Copy, exactly as written, the lines that begin at the one containing "关联关系部分,主要填写主播加入和退出服务机构的时间。" and end at the one containing "1 par de orejas". Skip any pictures in the data below.

→ Record set

•••

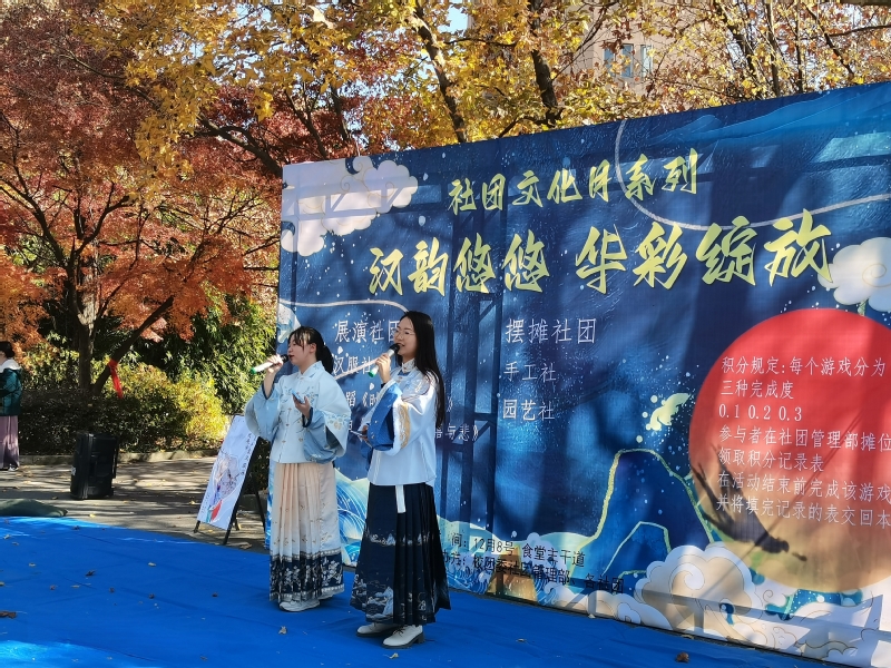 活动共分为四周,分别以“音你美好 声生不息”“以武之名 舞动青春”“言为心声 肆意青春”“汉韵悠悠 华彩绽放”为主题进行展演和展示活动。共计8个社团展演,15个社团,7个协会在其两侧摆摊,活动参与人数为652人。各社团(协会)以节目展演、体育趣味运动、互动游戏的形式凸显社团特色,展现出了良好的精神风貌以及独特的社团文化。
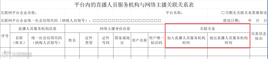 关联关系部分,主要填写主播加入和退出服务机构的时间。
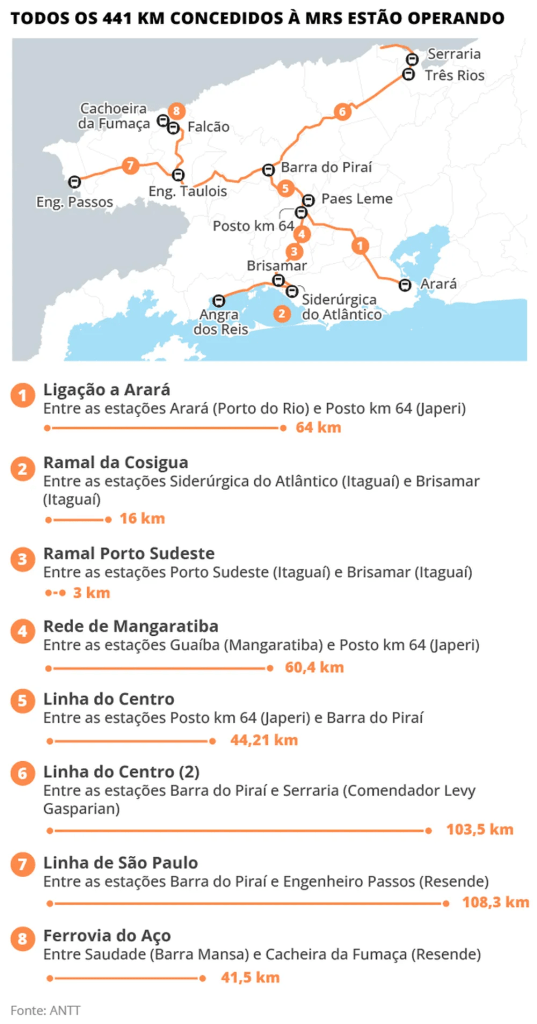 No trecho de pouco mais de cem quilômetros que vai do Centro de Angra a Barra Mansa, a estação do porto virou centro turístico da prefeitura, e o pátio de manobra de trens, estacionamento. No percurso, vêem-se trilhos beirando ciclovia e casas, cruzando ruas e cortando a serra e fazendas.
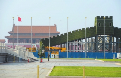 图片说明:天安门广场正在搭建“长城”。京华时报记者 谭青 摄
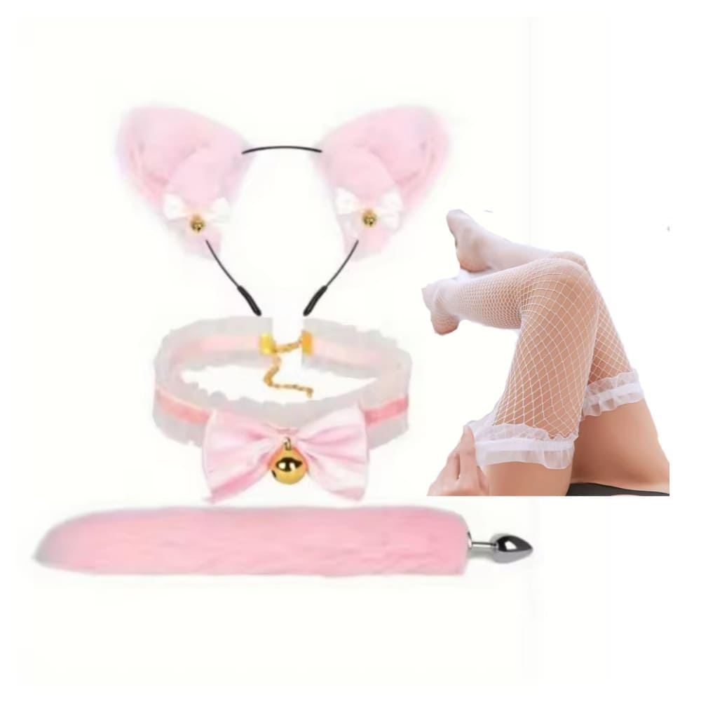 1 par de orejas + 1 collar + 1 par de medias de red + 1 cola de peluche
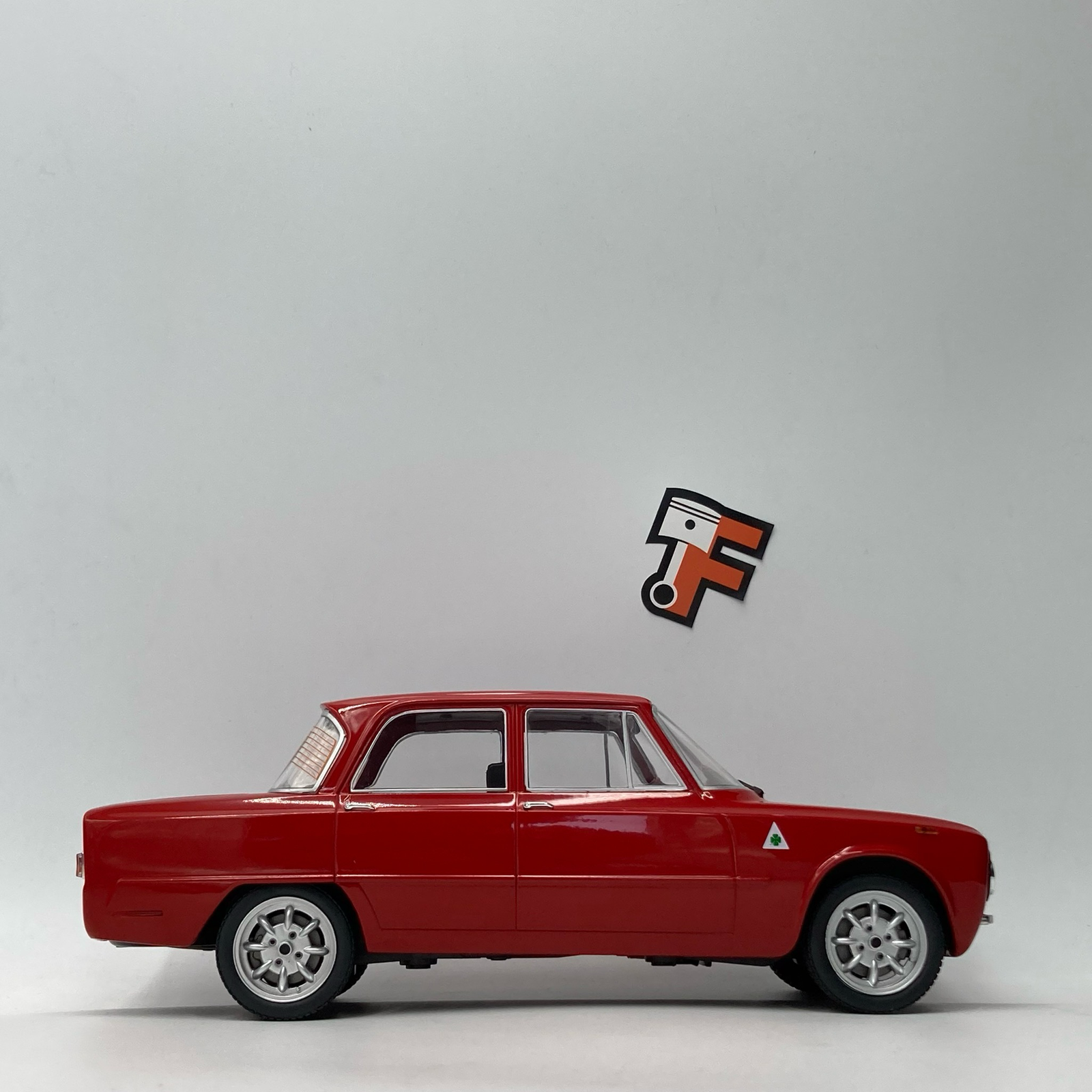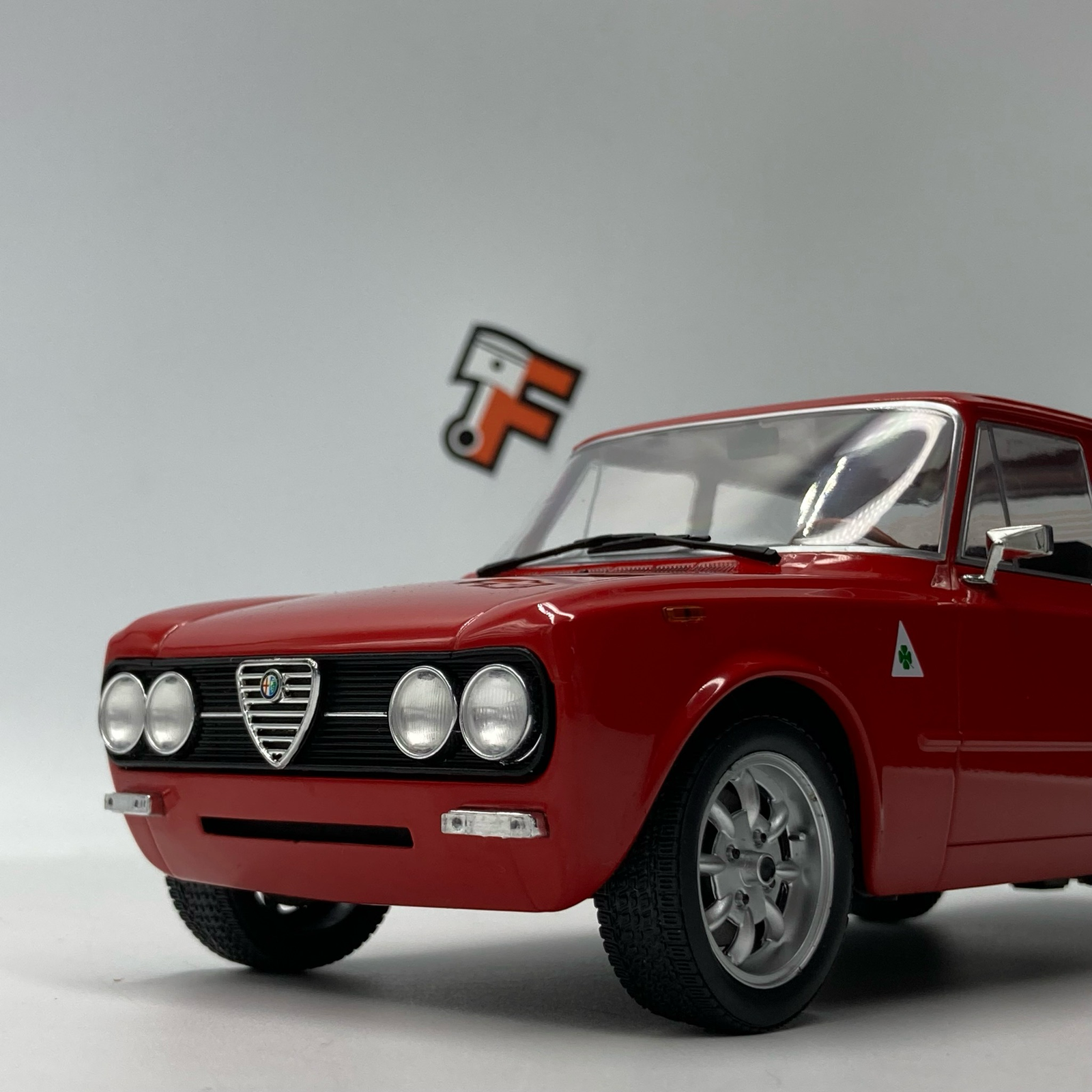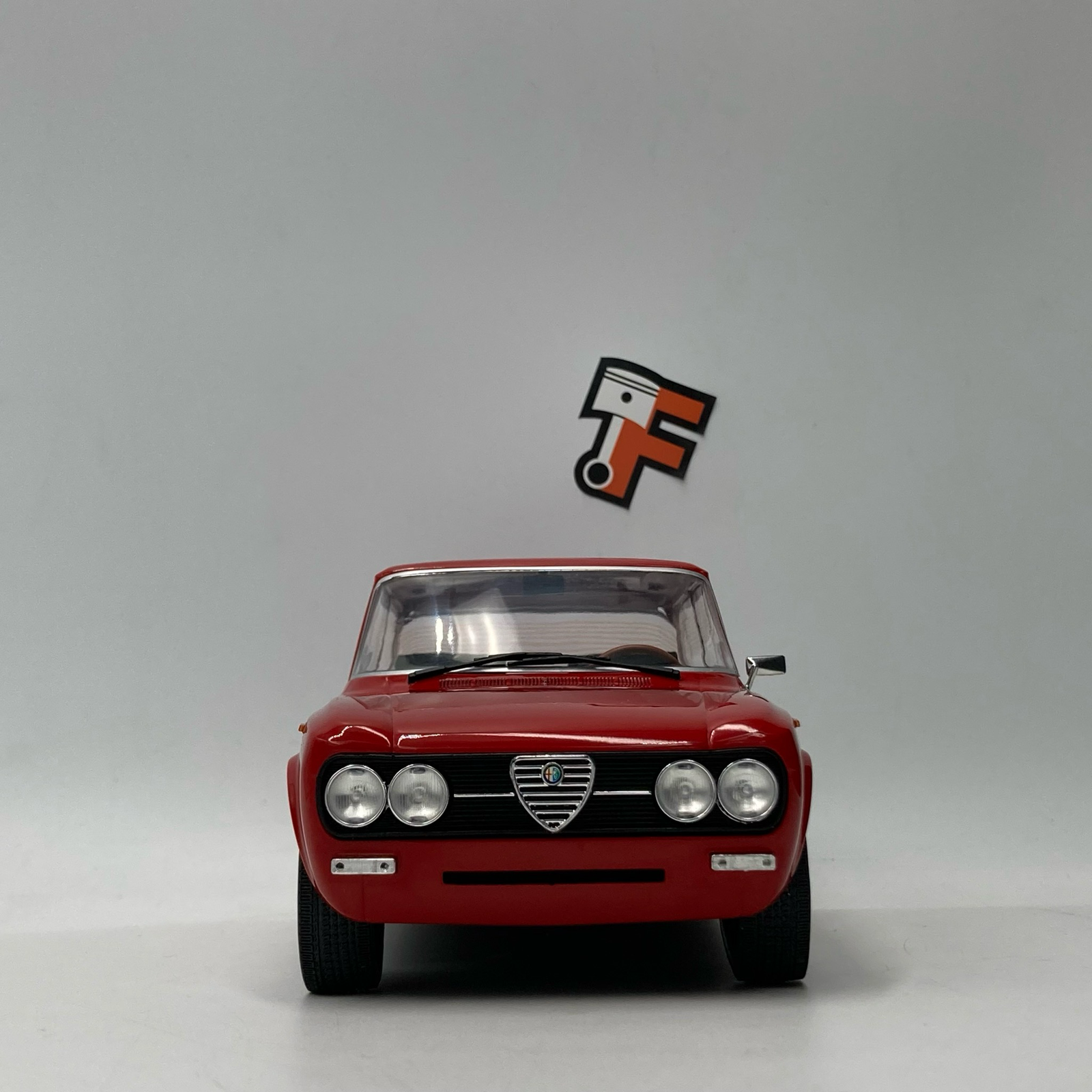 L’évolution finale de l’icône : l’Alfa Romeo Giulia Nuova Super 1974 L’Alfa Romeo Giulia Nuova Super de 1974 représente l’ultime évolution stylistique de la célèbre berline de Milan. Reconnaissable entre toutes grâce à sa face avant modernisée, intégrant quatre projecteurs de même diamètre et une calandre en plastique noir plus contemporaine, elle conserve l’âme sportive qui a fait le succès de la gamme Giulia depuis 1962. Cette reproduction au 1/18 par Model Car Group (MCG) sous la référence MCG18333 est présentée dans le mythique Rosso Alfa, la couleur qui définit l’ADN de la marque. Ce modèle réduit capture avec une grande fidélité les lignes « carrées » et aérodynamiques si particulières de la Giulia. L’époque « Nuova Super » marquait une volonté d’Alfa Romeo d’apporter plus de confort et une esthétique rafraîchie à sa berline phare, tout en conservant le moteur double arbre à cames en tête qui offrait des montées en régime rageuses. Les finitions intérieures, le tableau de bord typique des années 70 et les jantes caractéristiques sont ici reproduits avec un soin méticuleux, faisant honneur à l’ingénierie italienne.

•••

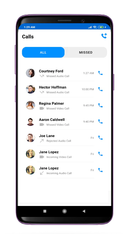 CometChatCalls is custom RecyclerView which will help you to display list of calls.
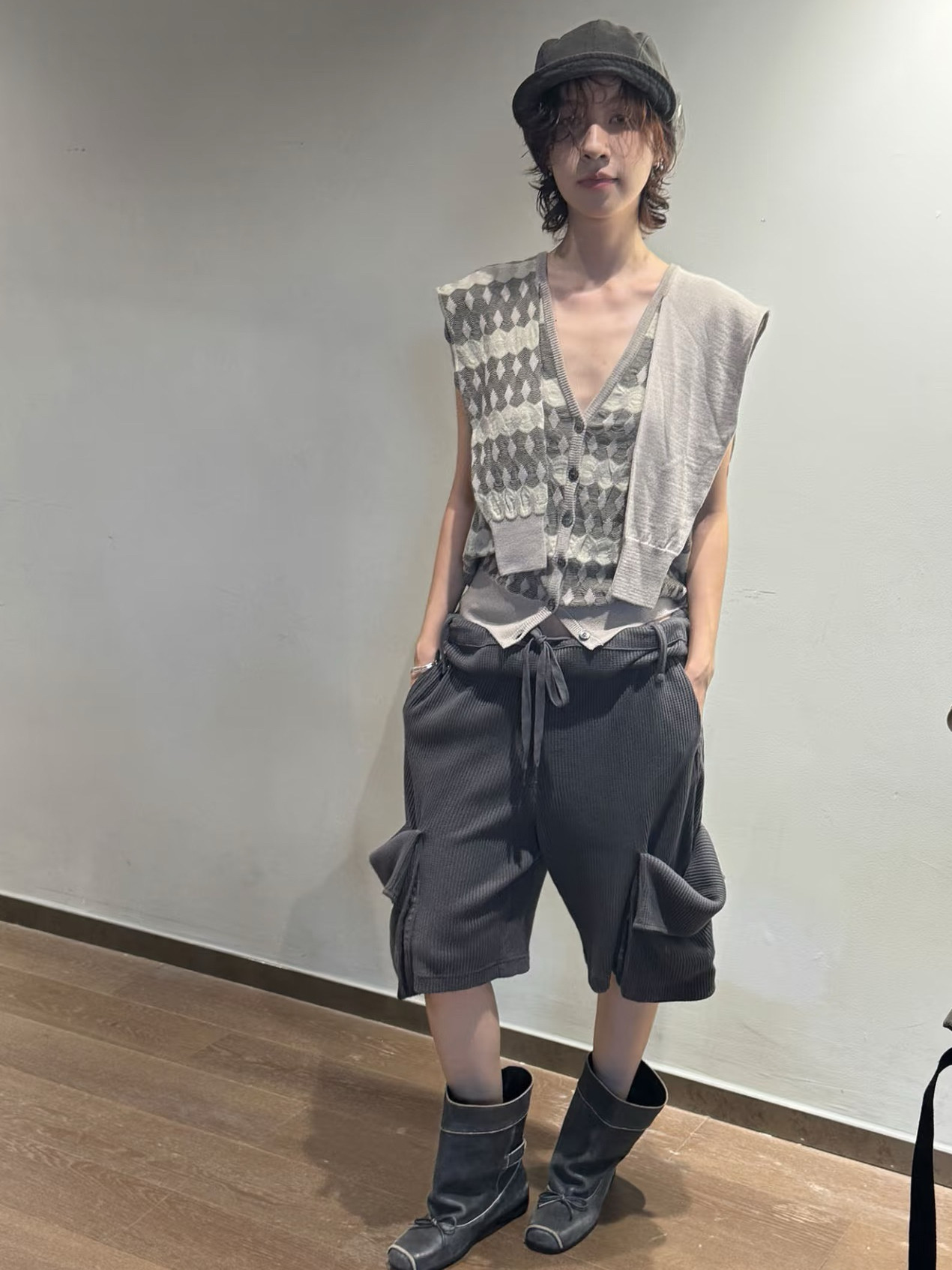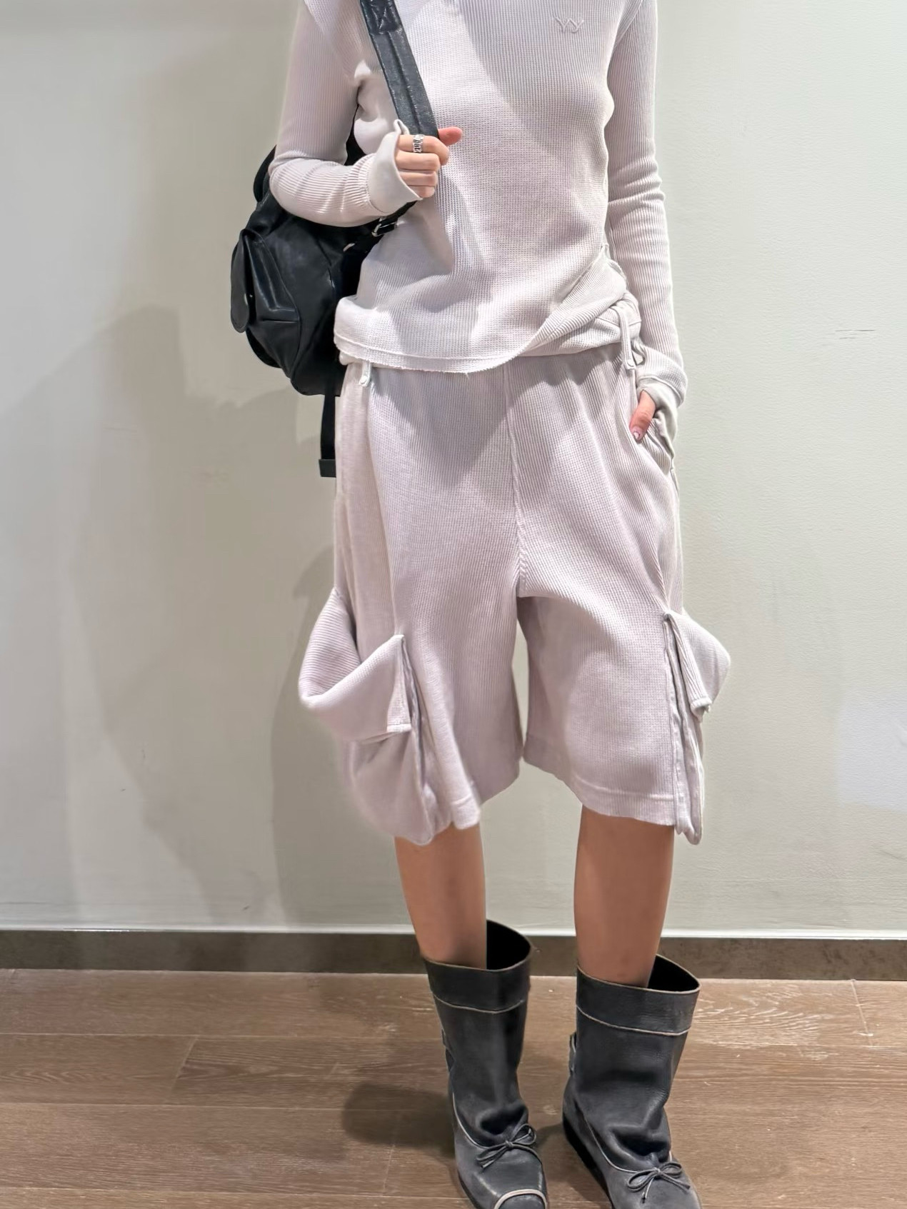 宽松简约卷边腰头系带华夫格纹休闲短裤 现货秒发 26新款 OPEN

•••

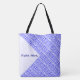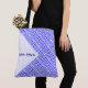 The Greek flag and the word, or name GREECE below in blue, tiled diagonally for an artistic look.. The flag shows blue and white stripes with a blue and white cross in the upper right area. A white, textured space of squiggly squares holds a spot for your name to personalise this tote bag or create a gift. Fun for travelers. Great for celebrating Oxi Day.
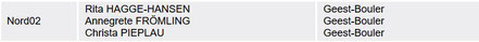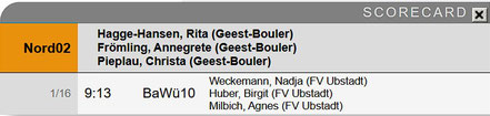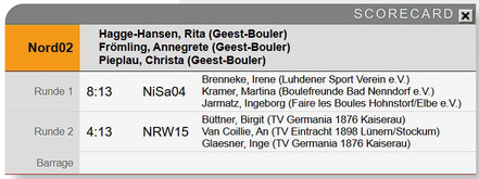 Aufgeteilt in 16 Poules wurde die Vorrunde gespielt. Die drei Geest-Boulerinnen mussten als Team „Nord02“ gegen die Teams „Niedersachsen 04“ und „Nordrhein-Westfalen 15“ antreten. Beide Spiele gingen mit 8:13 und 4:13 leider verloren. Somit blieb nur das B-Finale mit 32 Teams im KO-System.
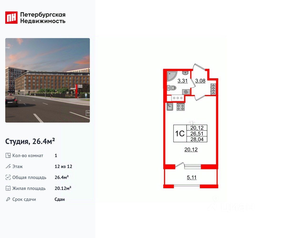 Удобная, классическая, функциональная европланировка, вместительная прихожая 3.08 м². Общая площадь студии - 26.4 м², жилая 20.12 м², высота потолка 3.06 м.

•••

→ Answer below
 关联关系部分,主要填写主播加入和退出服务机构的时间。
 No trecho de pouco mais de cem quilômetros que vai do Centro de Angra a Barra Mansa, a estação do porto virou centro turístico da prefeitura, e o pátio de manobra de trens, estacionamento. No percurso, vêem-se trilhos beirando ciclovia e casas, cruzando ruas e cortando a serra e fazendas.
 图片说明:天安门广场正在搭建“长城”。京华时报记者 谭青 摄
 1 par de orejas + 1 collar + 1 par de medias de red + 1 cola de peluche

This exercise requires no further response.